Are the weak links in the gig economy being forced to the surface thanks to the coronavirus?
As companies, universities, and K-12 schools throughout the country close due to coronavirus concerns, and families are encouraged to practice social distancing, the gig economy is taking a huge hit. And when I say “huge,” I don’t just mean in the size of the financial burden they’re taking. I mean, a huge percent of the population—36 percent of Americans who participate in the gig economy—could be impacted.
In Seattle, for instance, drivers have seen rides drop by 50 percent–a notable loss for any worker. Airbnb has seen a decline of 96 percent in certain hot spot areas, causing the company to post losses of tens of millions of dollars—drops that will hit hosts even harder than the company itself. Where do these financial slides leave a nation full of gig workers?
In general, it’s left them where they initially began—on their own. Gig workers are not considered employees, so they aren’t given paid time for sick leave, vacation time, or the opportunity to work from home. And while some companies will force layoffs due to slow sales caused by the coronavirus, the entire mass of gig workers will shoulder the burden for an industry built on their willingness to adopt the idea of the side hustle—be it as part-time yoga instructors, freelance writers, music teachers, or other contract employees.
Not all companies have been hit as hard as Lyft, Uber, and Airbnb. For instance, Postmates and Instacart have seen the opposite effect. Sales on Instacart increased tenfold as shoppers sought emergency supplies and water but didn’t want to risk heading out to crowded stores. The companies have even started to offer “contactless delivery,” making their drop-offs even safer for both shoppers and customers. But is it enough?
Coronavirus Forces a Bigger Discussion
If nothing else, the coronavirus is forcing a hugely important discussion for the gig industry. Namely: at what point do companies become responsible for the well-being of their employees? Instacart has announced that it will begin offering sick pay for those who can prove they have been impacted. Other companies have started to discuss the concept of pooling emergency funds for gig workers who work for more than one company (for instance, those who work for both Lyft and Uber.) Unfortunately, most gig workers also do not receive health insurance. So even seeing a doctor to make sure they’re not contagious could be a financial concern. (Even employees who do have insurance will have a hard time covering the coronavirus quarantine period. Just 4 percent of workers receive more than 14 paid sick days a year.)

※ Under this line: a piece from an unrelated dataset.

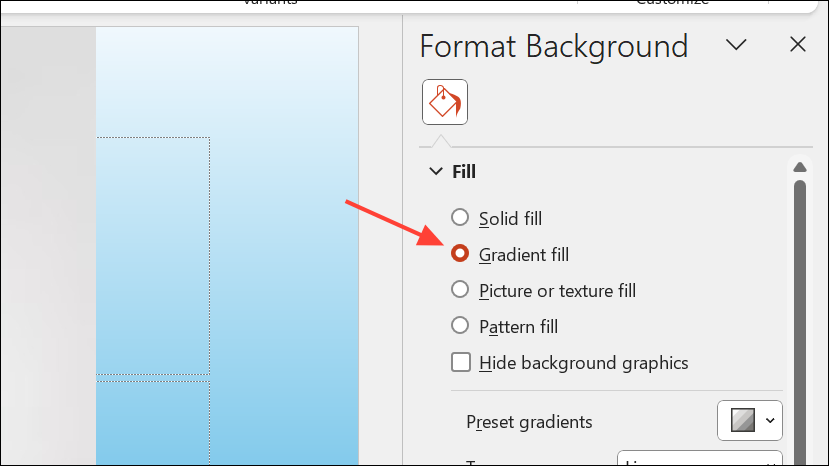Krok 5:Vyplňte pozadí snímku přechodem pro uhlazený vzhled. Přejít naDesign>Format Backgrounda vyberteGradient Fill. Vyberte si barvy a upravte směr a průhlednost tak, aby doplňovaly vaše siluety.

Sure, new technology such as contactless delivery is important in times of a global pandemic. The coronavirus, however, is temporary. The financial hits most gig workers are taking right now will be incredibly difficult to make up. There is no amount of technology that can change that.
Yes, the gig companies themselves—Airbnb, Lyft, Uber—will also likely suffer during this time. Airbnb, for instance, had plans to go public in the near future. The coronavirus outbreak—and decline in bookings—will likely change those plans. In an industry that is built on the concept of taking no responsibility for employees, it’s possible gig workers may finally decide the gig economy doesn’t “work” for them.
Regardless, the coronavirus proves that the gig economy is not impenetrable. Designed to be agile and dynamic, it still relies, ultimately, on people. And if those people aren’t being taken care of, the industry as a whole could fall apart.